Scheme of the study. 18F-FDG PET and RNA sequencing data were obtained from NSCLC radiogenomics dataset in TCIA. Four 18F-FDG parameters were measured from manually assigned ROI of primary tumor. RNA sequencing data used for molecular subtype assignment and immune-related quantification. Statistical analysis was performed by integrating 18F-FDG parameters and genomic signatures
Tumor metabolic parameters of 18F-FDG PET
For primary tumor segmentation, the PETedge tool of MIMvista (MIM Software Inc., USA) was used by a specialist. The 18F-FDG parameters of the maximum standardized uptake value (SUVmax), metabolic tumor volume (MTV) and total legion glycolysis (TLG) were obtained from primary tumor segmentation. Also, the SUVmax score of the liver was calculated from each patient for normalization by drawing a 3.0-mm-diameter globular region of interest (ROI). The tumor-to-liver SUVmax ratio (TLR) was defined as the tumor SUVmax value divided by the liver SUVmax value [24, 25]. The coefficient of variation (COV) is measured as the ratio of the standard deviation to the mean, which can be considered as a feature to reflect metabolic heterogeneity [19].

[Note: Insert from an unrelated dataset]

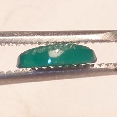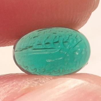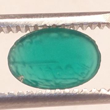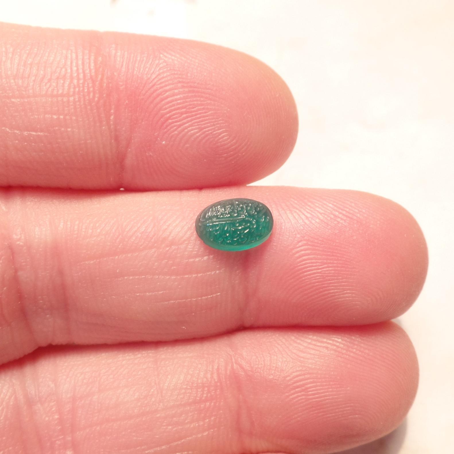 طرح : یک قطعه نگین عقیق سبز بسیار خوش رنگ و بسیار خوش طبع با طبع عالی و شیشه ای و شفاف و با تراش بیضی دیواره دار رو نسبتا محدب و زیر نسبتا تخت که بر روی آن بصورت زیبا و ظریف و مینیاتوری و به سبک نستعلیق و کرسی چینی خوب آیه : ( و من یتق الله ) = ( سوره

Molecular subtype assignment and immune cell scores by transcriptomic data
In the molecular subtype assignment step, we classified 96 patients into categories referred to here as proximal proliferative (PP, formerly magnoid), terminal respiratory unit (TRU, formerly bronchioid) and proximal inflammatory (PI, formerly squamoid) using the nearest centroid subtype predictor with 506 genes in R (version 3.4.4), referring to work by Wilkerson et al. [26]. First, we filtered 506 gene expression values consistent with subtype predictor genes from lung adenocarcinoma patients, after which the values were median-centered. Second, correlation coefficients were calculated by the Pearson correlation method between individual patients and the centroids of each subtype. Finally, the subtype with the maximum correlation coefficient was assigned for patients.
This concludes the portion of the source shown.